**Input records**:
****

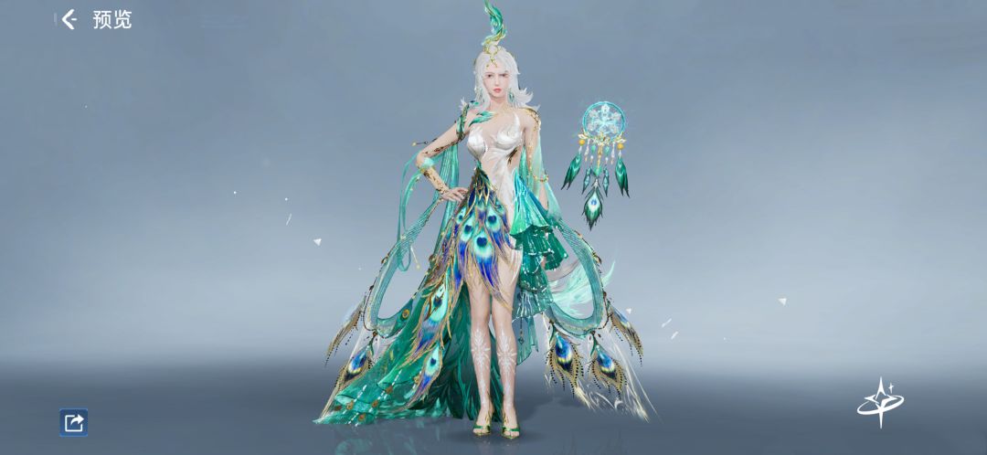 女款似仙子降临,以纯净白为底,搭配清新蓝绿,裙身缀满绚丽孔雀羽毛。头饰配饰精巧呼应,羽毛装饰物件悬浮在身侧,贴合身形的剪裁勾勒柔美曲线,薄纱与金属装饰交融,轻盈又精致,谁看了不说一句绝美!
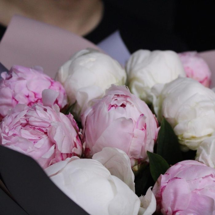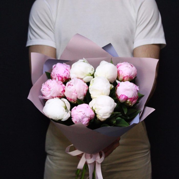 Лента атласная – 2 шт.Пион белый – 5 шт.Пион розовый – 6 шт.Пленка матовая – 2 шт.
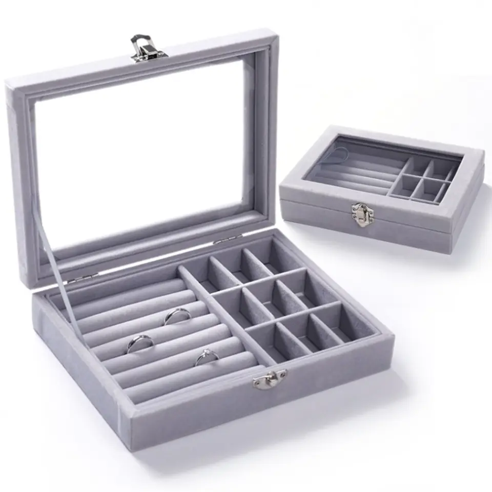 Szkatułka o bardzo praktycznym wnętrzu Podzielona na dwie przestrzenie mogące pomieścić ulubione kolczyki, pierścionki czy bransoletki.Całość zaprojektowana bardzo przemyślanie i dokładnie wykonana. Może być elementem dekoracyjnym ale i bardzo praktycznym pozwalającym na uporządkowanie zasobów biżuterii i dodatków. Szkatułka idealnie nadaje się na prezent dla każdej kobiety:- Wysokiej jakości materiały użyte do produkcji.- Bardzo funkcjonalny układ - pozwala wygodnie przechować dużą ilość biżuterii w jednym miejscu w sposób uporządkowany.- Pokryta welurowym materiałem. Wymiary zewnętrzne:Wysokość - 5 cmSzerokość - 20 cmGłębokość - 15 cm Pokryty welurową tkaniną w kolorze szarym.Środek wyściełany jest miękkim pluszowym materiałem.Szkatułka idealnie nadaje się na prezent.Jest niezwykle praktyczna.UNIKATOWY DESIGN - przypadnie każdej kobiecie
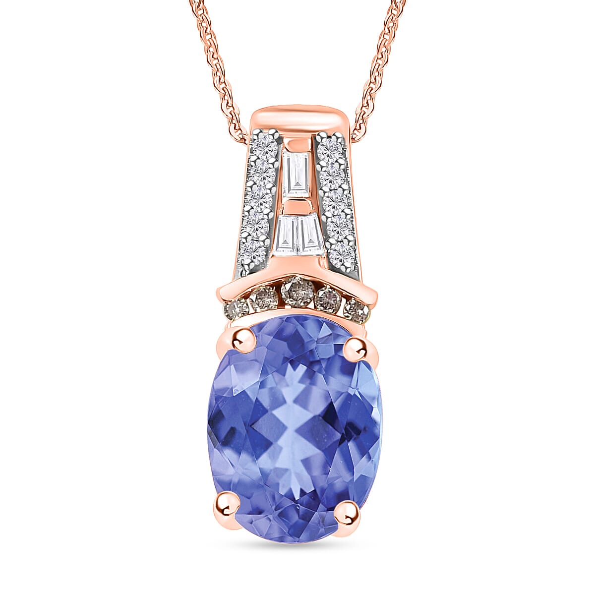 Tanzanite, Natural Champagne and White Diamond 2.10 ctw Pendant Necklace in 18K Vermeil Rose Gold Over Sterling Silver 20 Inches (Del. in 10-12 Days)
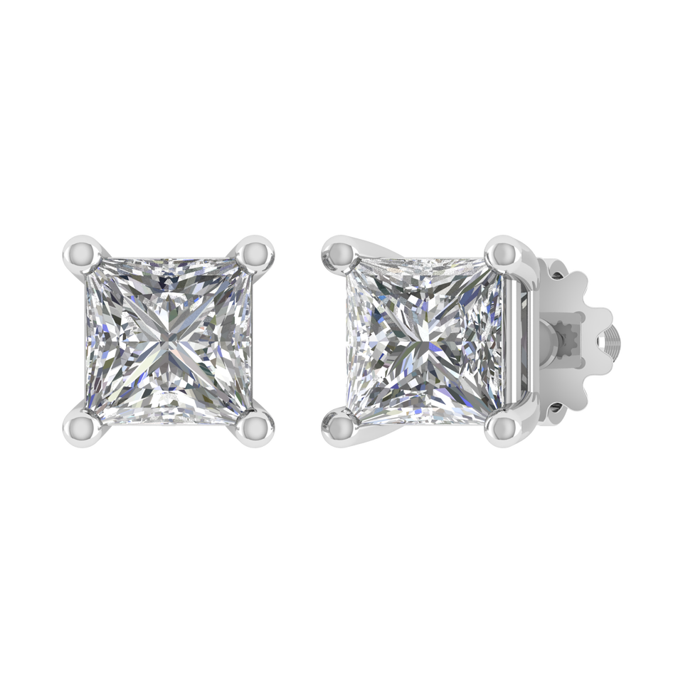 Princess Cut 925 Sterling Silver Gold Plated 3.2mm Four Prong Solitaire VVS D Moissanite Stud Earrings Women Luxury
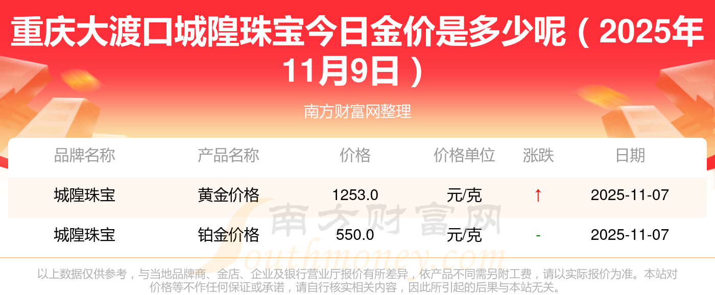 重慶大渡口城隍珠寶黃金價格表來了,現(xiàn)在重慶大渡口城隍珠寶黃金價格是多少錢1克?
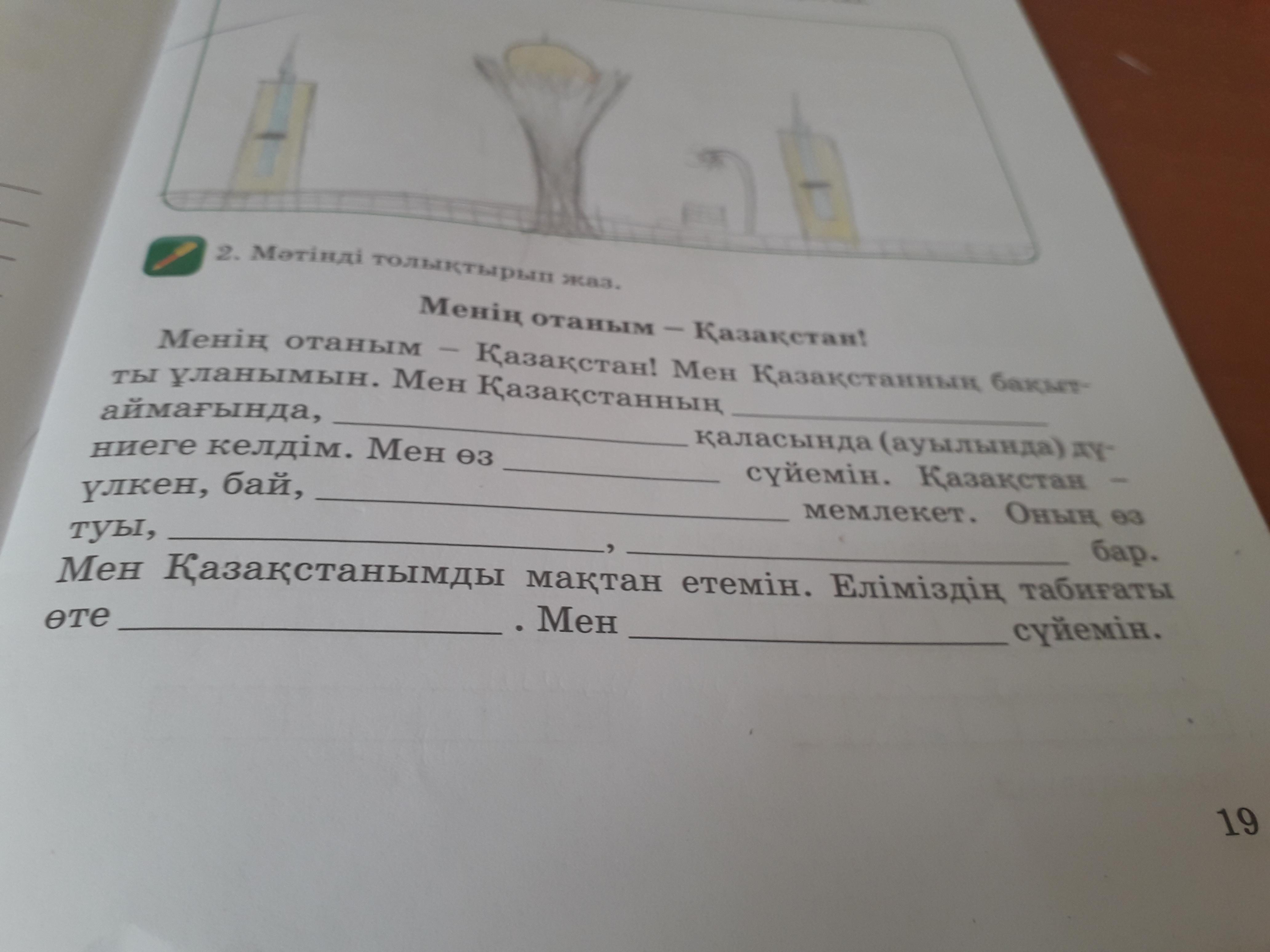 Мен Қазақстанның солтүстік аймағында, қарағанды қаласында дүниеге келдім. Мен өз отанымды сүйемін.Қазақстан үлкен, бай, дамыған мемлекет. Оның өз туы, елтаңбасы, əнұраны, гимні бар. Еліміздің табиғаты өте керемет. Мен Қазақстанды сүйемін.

****

**Directions for this task**:
Only the lines from the one containing "Szkatułka o bardzo" through the last line of the data belong in the copy, both included and reproduced exactly. Pictures do not.

**Reply to the task**:
 Szkatułka o bardzo praktycznym wnętrzu Podzielona na dwie przestrzenie mogące pomieścić ulubione kolczyki, pierścionki czy bransoletki.Całość zaprojektowana bardzo przemyślanie i dokładnie wykonana. Może być elementem dekoracyjnym ale i bardzo praktycznym pozwalającym na uporządkowanie zasobów biżuterii i dodatków. Szkatułka idealnie nadaje się na prezent dla każdej kobiety:- Wysokiej jakości materiały użyte do produkcji.- Bardzo funkcjonalny układ - pozwala wygodnie przechować dużą ilość biżuterii w jednym miejscu w sposób uporządkowany.- Pokryta welurowym materiałem. Wymiary zewnętrzne:Wysokość - 5 cmSzerokość - 20 cmGłębokość - 15 cm Pokryty welurową tkaniną w kolorze szarym.Środek wyściełany jest miękkim pluszowym materiałem.Szkatułka idealnie nadaje się na prezent.Jest niezwykle praktyczna.UNIKATOWY DESIGN - przypadnie każdej kobiecie
 Tanzanite, Natural Champagne and White Diamond 2.10 ctw Pendant Necklace in 18K Vermeil Rose Gold Over Sterling Silver 20 Inches (Del. in 10-12 Days)
 Princess Cut 925 Sterling Silver Gold Plated 3.2mm Four Prong Solitaire VVS D Moissanite Stud Earrings Women Luxury
 重慶大渡口城隍珠寶黃金價格表來了,現(xiàn)在重慶大渡口城隍珠寶黃金價格是多少錢1克?
 Мен Қазақстанның солтүстік аймағында, қарағанды қаласында дүниеге келдім. Мен өз отанымды сүйемін.Қазақстан үлкен, бай, дамыған мемлекет. Оның өз туы, елтаңбасы, əнұраны, гимні бар. Еліміздің табиғаты өте керемет. Мен Қазақстанды сүйемін.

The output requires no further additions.